Components Of A Trading Plan – A

This is the first in a series on trading plans. In this article, I shall be looking at the elements of a discretionary plan. But before I do that, let’s look at the different types of traders and plans:

  • Subjective: There is no plan as such. The traders use kinesthetic information to enter and exit trades. Subjective traders trade solely (or mainly) by intuition. Successful subjective traders with whom I am acquainted are ex-floor traders (locals). Most locals have had a difficult time making the transition to the screen. Perhaps the scalping screen traders will replace the locals – we’ll see.
  • Mechanical: On the other side of the spectrum lies the Mechanical Trader. The Mechanical Trader has a set of rules to which he always adheres. “See a signal, take a trade” is his mantra.

  • Discretionary: Between the two is the Discretionary Trader. The Discretionary Trader has a set of rules but reserves the right not to follow them. In this way, he makes room for his intuition. Newbies need to understand that intuition is the result of experience and is not to be confused with ‘into-wishing’. ‘Intuition’ in this context is the subconscious recognition of patterns. For the subconscious to amass the patterns, we must first have had the experience of consciously identifying them. Newbies are unlikely to have this experience and more often than not, call label ‘into-wishing’, intuition.

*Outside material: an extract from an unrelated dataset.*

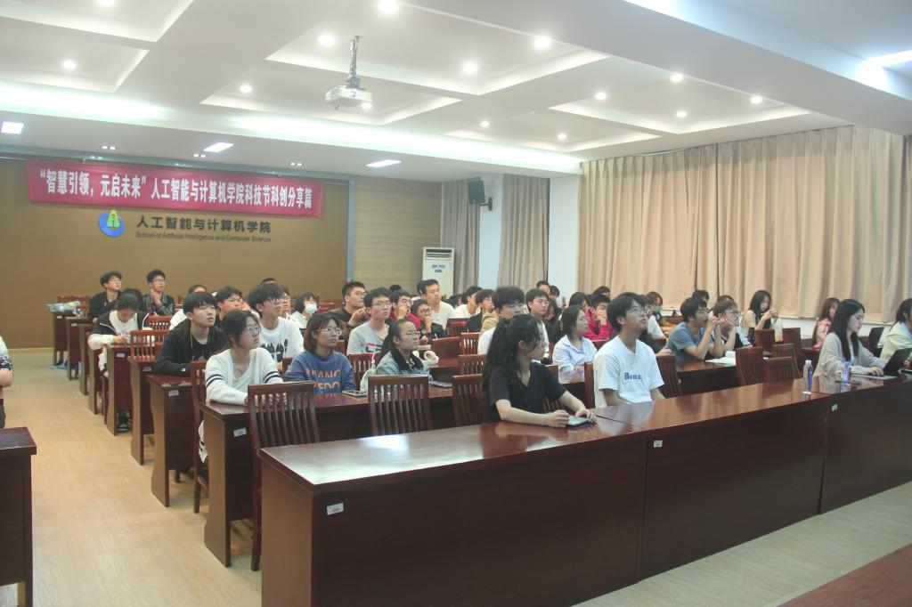 于近日在人工智能楼B310举办“智慧引领,元启未来——本科生科创经验分享会”。本次活动邀请学院马佳芮、张俊杰、范竞元、谭懿唯四位同学作为主讲人。学院负责学科竞赛辅导员李猛和近百位学生参加活动。
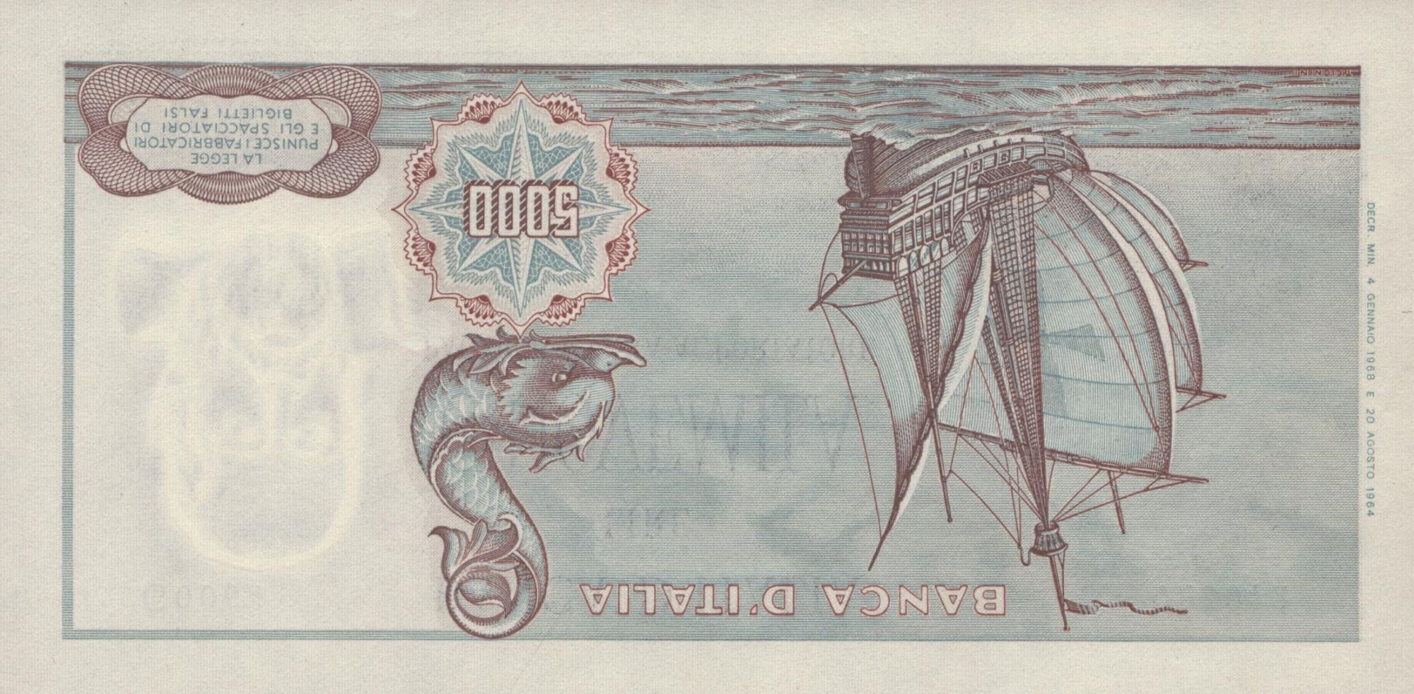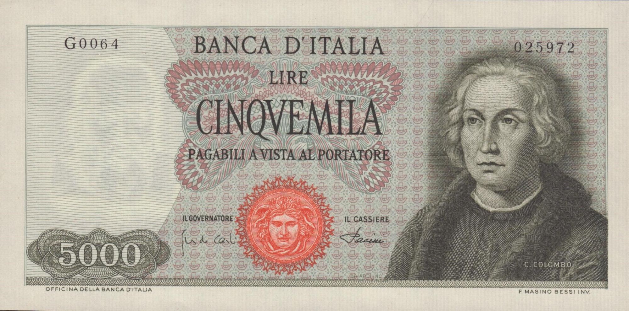 Lotto 752 | REPUBBLICA ITALIANA. 5000 Lire "Colombo - I tipo". 04-01-1968

Discretionary plans have either a fundamental or a technical base or have a combination of the two. The better discretionary plan reflects some fundamental idea of the nature of markets. For example, Buffett believes that companies have an intrinsic value and that this value is assessable. The Market Profile believes that the nature of markets is fractal and is best observed via the bell curve with present tense information.

The better technical analysis based plans have certain, specific components:

  • Identification of a Trend of a Timeframe
  • Low Risk Entry


Setup, Entry and Initial Stop (or initial exit strategy)

  • Trade Management

I am heavily influenced by Pete Steidlmayer’s approach to the markets. Pete used to say that ‘traders succeed, not because of their tools but in spite of them’. I believe that his words are particularly applicable in this area of trend definition of a timeframe.

Most traditional trend definition tools rely on some form of moving average. The tools are great if a market is trending but do a poor job when the market is in a transitional phase. The reason is as a rule markets move from Bull to Sideway to Bear or Bear to Sideways to Bull. Moving Averages do a poor job in sideways markets.

Is there an alternative to moving averages?

I thought so: swing charts. But the traditional swing charts were almost as unsatisfactory as moving averages so I developed my own: a swing chart that had a time component (unlike percentage charts that only have a price component) and a price component (unlike Gann Swing Charts that have only a price component). I called the swing chart Barros Swings.

My book the Nature of Trends (available from Amazon) describes how the swings are drawn. I use on Daily Bars:

  • A 5-period swing to define a weekly trend (5-d)
  • An 18-period swing to define the monthly trend (18-d).

I also use the 13-period swing on Weekly Bars (13-w) to define the quarterly trends and the 12-period swing (12-m) to define the yearly trend.

I call the timeframe that defines our trading strategy the Trader’s Timeframe Trend. The trend of the Trader’s Timeframe is impacted by the trend status of the First and Second Higher Timeframe.

For example, if the Trader’s Timeframe is the 18-d, then the First Higher Timeframe is the 13-w and the Second Higher Timeframe is the 12-m. To know when the 18-d has a high probability to change its trend we need to know the likelihood of the 13-w changing its line direction or trend. The 12-m provides further perspective.

The swings make it easy to define the trend of a timeframe:

  • Uptrend: higher swing highs and higher swing lows
  • Downtrend: lower swing highs and lower swing lows
  • Sideways: almost equal swing highs and almost equal swing lows

Once we have assessed the Trader’s Timeframe trend, we need to ask: continuation or change? Once we answer that question, we have our trading strategy: be a buyer or seller or stand aside. I will trade against the trend only if there is a change in trend pattern. More on that in tomorrow’s post.

2 thoughts on “Components Of A Trading Plan – A”

  1. I just ordered your book and look forward to reading it. Based on the review comments, looks like a good rejuvenation of back to the basics of trends. We often get lost in the myriad choices of lines of technical analysis.